Ваньку Цыплятева взять, что из Разрядного приказа, так тот тоже из Рюриковичей. Пращур его, смоленский князь Давыд Ростиславич, — правнук самого Владимира Мономаха. Внук Давыда Ростислав Мстиславич даже на Киевском столе сиживал, хоть и недолго. Словом, есть у него корни. Правда, молодой он совсем, ну да что уж теперь о том говорить. Да и батюшка этого Ваньки тоже в Разрядном приказе служил. Пускай давно, тому уж дюжина лет будет, как Елизар Иванович оттуда ушел, постриг приняв, однако все-таки преемственность.
Но в том-то и беда, в том-то и оскудение, что Рюриковичи эти, пускай и худородные, скорее как исключение стали, а в основном теперь Иоанн других стал привечать, которые не то что князей да бояр — окольничих в своем роду, и тех не имели. Тот же недавний подьячий, а ныне уже дьяк Посольской избы и царский печатник Иван Висковатый, можно сказать, сродни Пересветову в своем худородстве, да и не он один. Ох, беда, беда. А взять еще одного дьяка, Ивана Выродкова. И от него тоже навозом несет. Так то дьяки, а что уж про подьячих говорить. Там и вовсе приблуда на приблуде.
И действительно, было отчего охать набольшим уже в эти, самые первые годы начинаний Иоанна. Широкая дорожка наверх, прямиком в Столовую палату царя, открывалась всем, кто умеет думать и не останавливается перед утверждением, что такого в державе российской николи не бывало, но, недрогнувшей рукой отметает его в сторону, мысленно заявляя: «Не бывало, так будет… коль царь повелит».
И получалось теперь, что все участие Думы заключается в покорном кивании головами да в подписи под царскими указами: «Мы уложили с братьями и с боярами».
«И на том спасибо, государь, что хоть внешние приличия соблюдаешь», — уныло размышляли бояре, утверждая очередную новинку.
От такой порухи кое-кто перестал ходить в Думу, махнув рукой на новый порядок, который был непонятен и неприемлем для заскорузлых стариковских душ, не желающих, не умеющих и не привыкших к столь скоропалительным переменам.

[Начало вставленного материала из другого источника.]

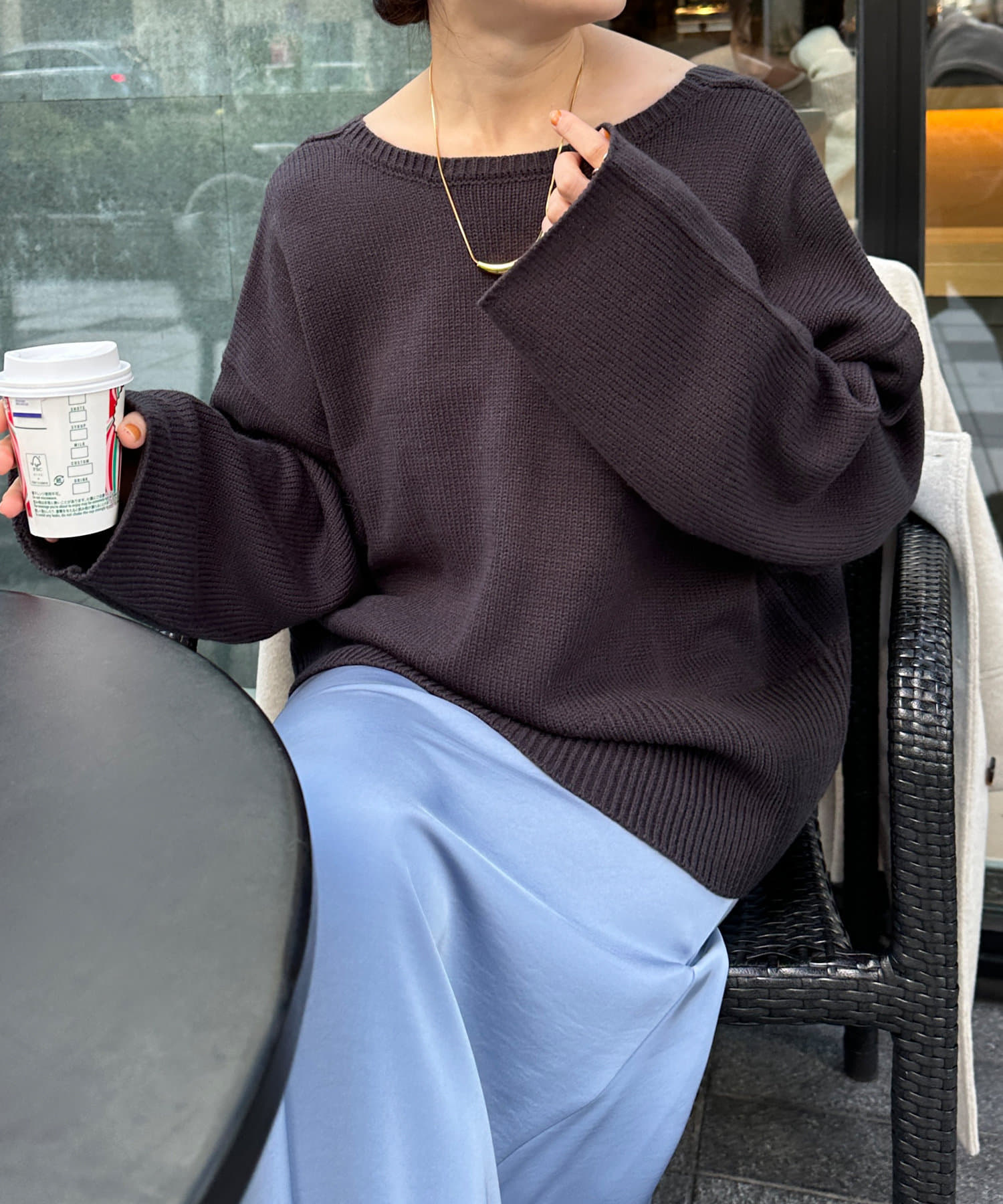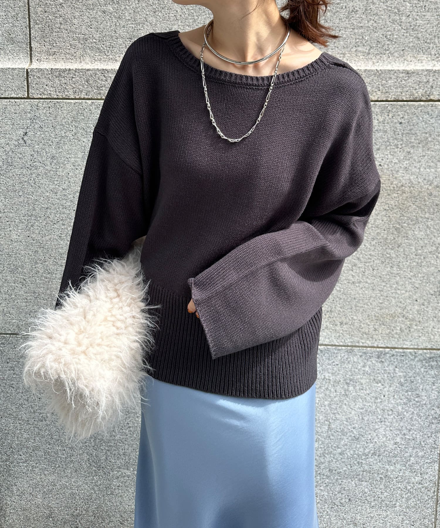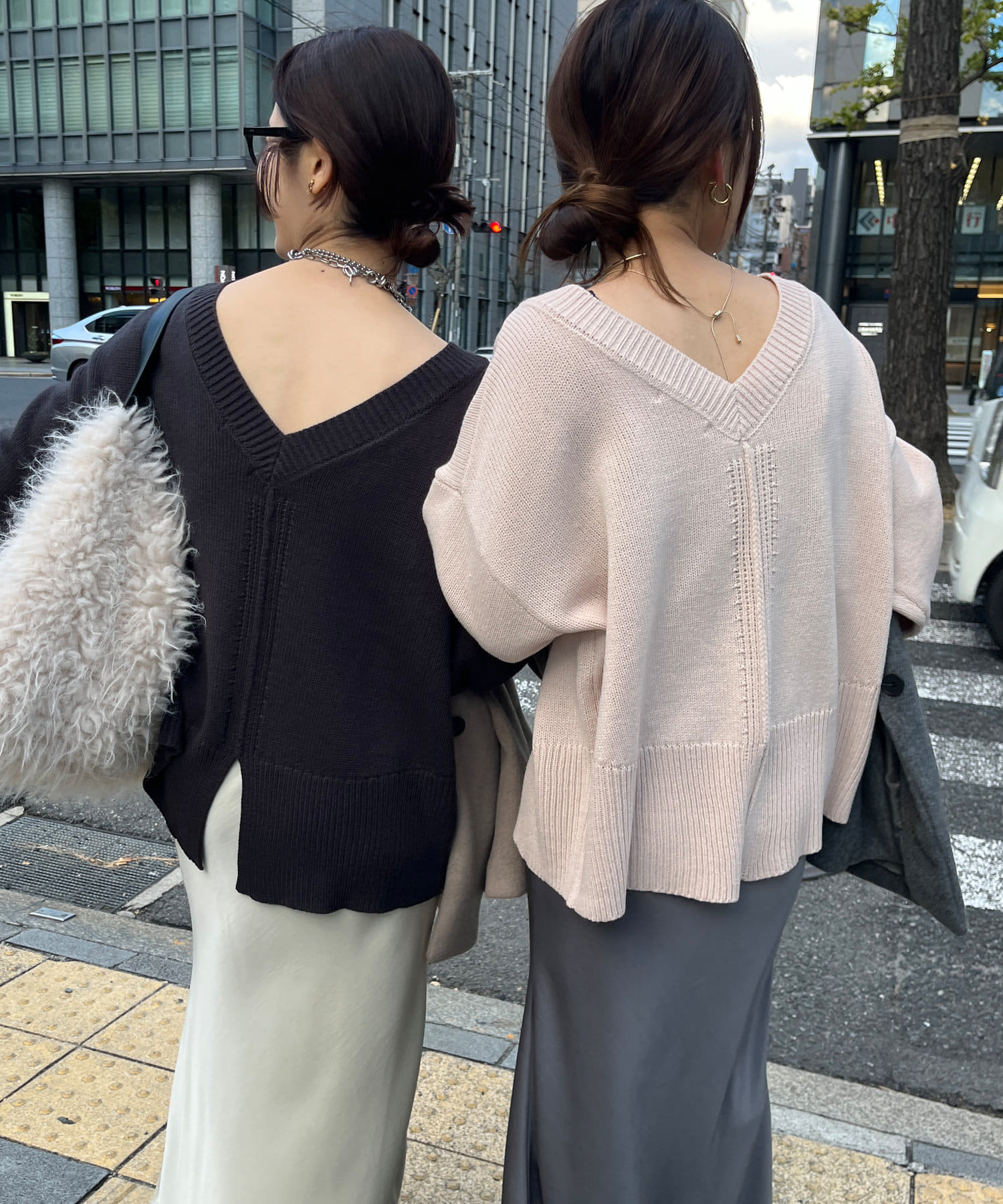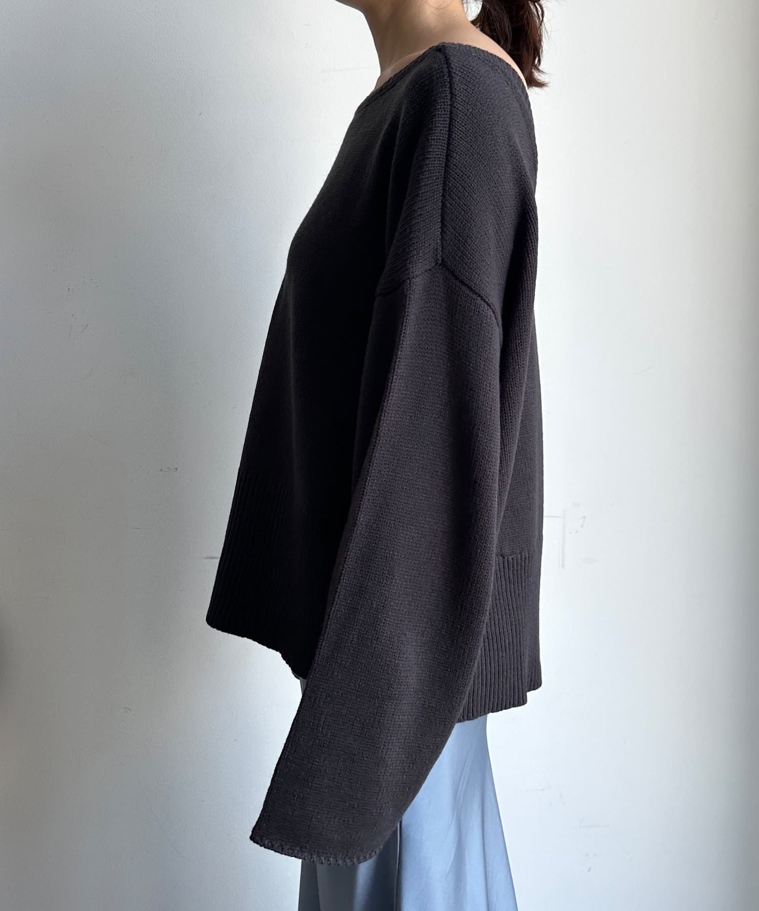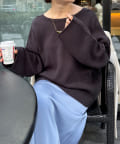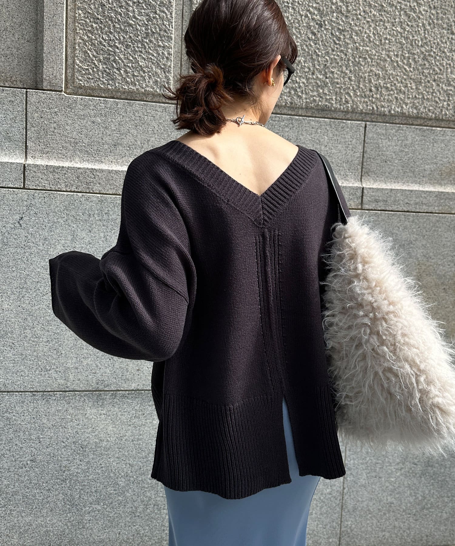 バックのVネックデザインが抜け感たっぷりのニット。

Была в их душе тайная надежда, что опомнится государь, поймет, что без самых умудренных, самых проверенных и убеленных сединами ему вскорости придется худо. Для прилику ссылались на немочи, на боль от старых ран, что в походах на крымцев получены. Надеялись — усовестится.
Вышло же наоборот — их не просто забывали, но и вовсе решительно вычеркивали из всех списков, ставя на их места иных — хотя тоже Рюриковичей и тоже именитых. Так появились в Думе князья Куракин-Булгаков, Данило Пронский, Одоевский, Серебряный, Шереметев и прочие. Эти либо согласились с нынешним укладом, либо просто смирились с новым порядком, хотя какой он там новый, как ворчали позабытые всеми на своих подворьях старики, когда это вовсе не порядок, а какой-то Содом и Гоморра, но тут же и осекались, сознавая свою неправоту, потому что от былых непотребных царских развлечений во дворце не осталось ни малейшего следа.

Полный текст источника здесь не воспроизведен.